EXERCISE GOAL: Only the lines below starting at the one containing "Un piacevole viaggio" and ending at the one containing "Ein anderer, die" belong in the answer, each copied exactly.

MATERIAL FOR THE TASK:
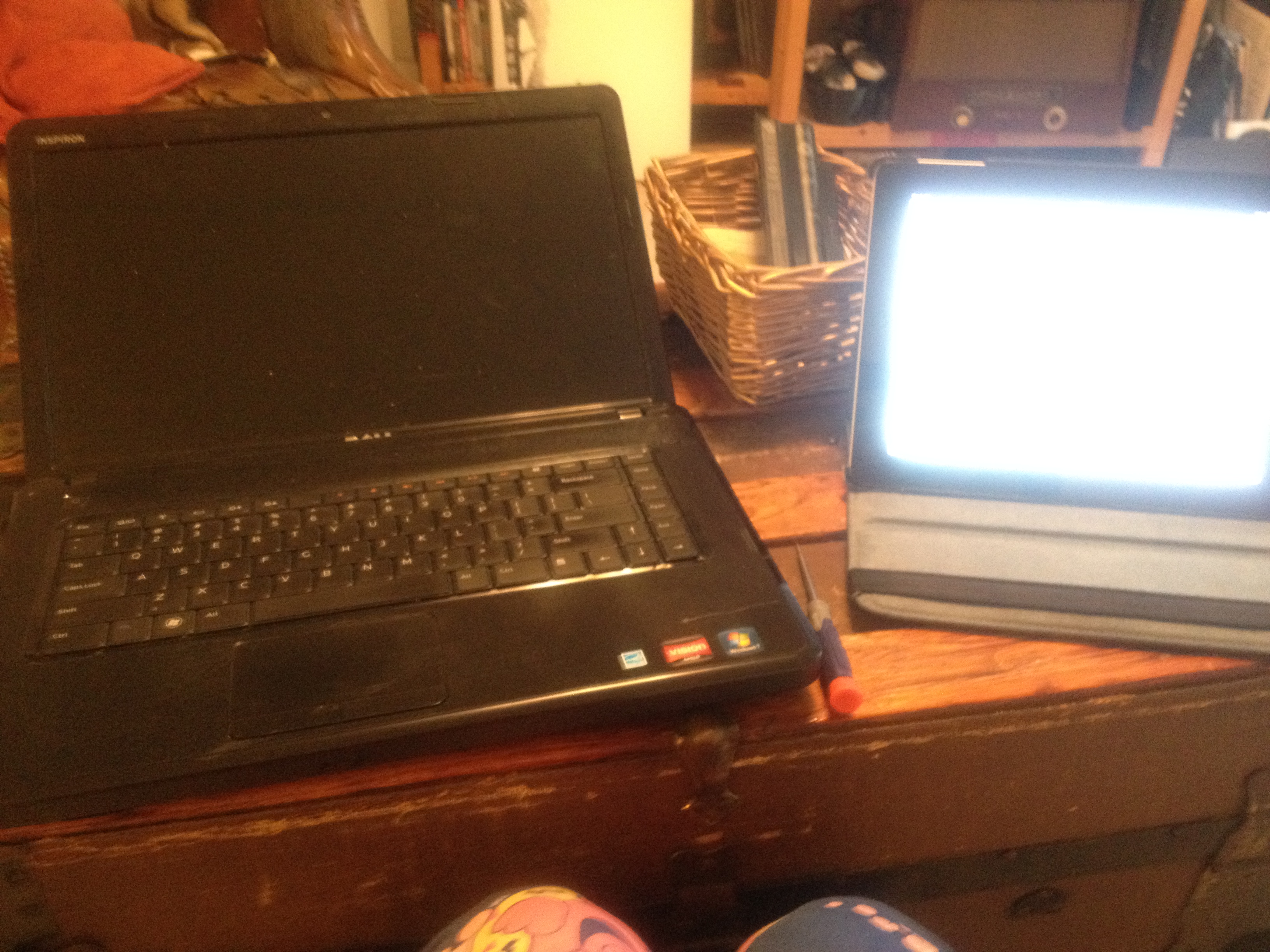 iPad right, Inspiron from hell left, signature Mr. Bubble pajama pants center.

==

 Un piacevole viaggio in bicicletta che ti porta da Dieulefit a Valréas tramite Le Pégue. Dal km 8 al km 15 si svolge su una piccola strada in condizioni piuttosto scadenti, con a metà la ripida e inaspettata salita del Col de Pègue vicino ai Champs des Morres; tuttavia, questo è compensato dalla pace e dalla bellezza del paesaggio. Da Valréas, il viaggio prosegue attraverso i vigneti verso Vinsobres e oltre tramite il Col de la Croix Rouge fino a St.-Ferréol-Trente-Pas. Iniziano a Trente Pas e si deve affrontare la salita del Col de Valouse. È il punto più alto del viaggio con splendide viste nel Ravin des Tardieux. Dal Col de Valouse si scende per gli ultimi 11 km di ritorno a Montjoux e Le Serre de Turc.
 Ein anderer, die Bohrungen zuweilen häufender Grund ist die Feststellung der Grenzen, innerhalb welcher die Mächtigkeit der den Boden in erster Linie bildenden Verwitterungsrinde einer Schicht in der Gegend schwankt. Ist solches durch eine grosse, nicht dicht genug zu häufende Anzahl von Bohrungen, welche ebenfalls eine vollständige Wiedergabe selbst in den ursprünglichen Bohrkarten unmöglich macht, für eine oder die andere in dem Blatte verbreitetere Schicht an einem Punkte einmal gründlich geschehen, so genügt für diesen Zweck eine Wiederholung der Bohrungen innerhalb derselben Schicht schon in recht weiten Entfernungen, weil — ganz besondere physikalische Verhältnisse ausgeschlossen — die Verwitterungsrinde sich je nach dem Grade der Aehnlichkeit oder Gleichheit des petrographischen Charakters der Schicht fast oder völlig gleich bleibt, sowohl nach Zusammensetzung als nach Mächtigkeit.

RESPONSE BOX:
 Un piacevole viaggio in bicicletta che ti porta da Dieulefit a Valréas tramite Le Pégue. Dal km 8 al km 15 si svolge su una piccola strada in condizioni piuttosto scadenti, con a metà la ripida e inaspettata salita del Col de Pègue vicino ai Champs des Morres; tuttavia, questo è compensato dalla pace e dalla bellezza del paesaggio. Da Valréas, il viaggio prosegue attraverso i vigneti verso Vinsobres e oltre tramite il Col de la Croix Rouge fino a St.-Ferréol-Trente-Pas. Iniziano a Trente Pas e si deve affrontare la salita del Col de Valouse. È il punto più alto del viaggio con splendide viste nel Ravin des Tardieux. Dal Col de Valouse si scende per gli ultimi 11 km di ritorno a Montjoux e Le Serre de Turc.
 Ein anderer, die Bohrungen zuweilen häufender Grund ist die Feststellung der Grenzen, innerhalb welcher die Mächtigkeit der den Boden in erster Linie bildenden Verwitterungsrinde einer Schicht in der Gegend schwankt. Ist solches durch eine grosse, nicht dicht genug zu häufende Anzahl von Bohrungen, welche ebenfalls eine vollständige Wiedergabe selbst in den ursprünglichen Bohrkarten unmöglich macht, für eine oder die andere in dem Blatte verbreitetere Schicht an einem Punkte einmal gründlich geschehen, so genügt für diesen Zweck eine Wiederholung der Bohrungen innerhalb derselben Schicht schon in recht weiten Entfernungen, weil — ganz besondere physikalische Verhältnisse ausgeschlossen — die Verwitterungsrinde sich je nach dem Grade der Aehnlichkeit oder Gleichheit des petrographischen Charakters der Schicht fast oder völlig gleich bleibt, sowohl nach Zusammensetzung als nach Mächtigkeit.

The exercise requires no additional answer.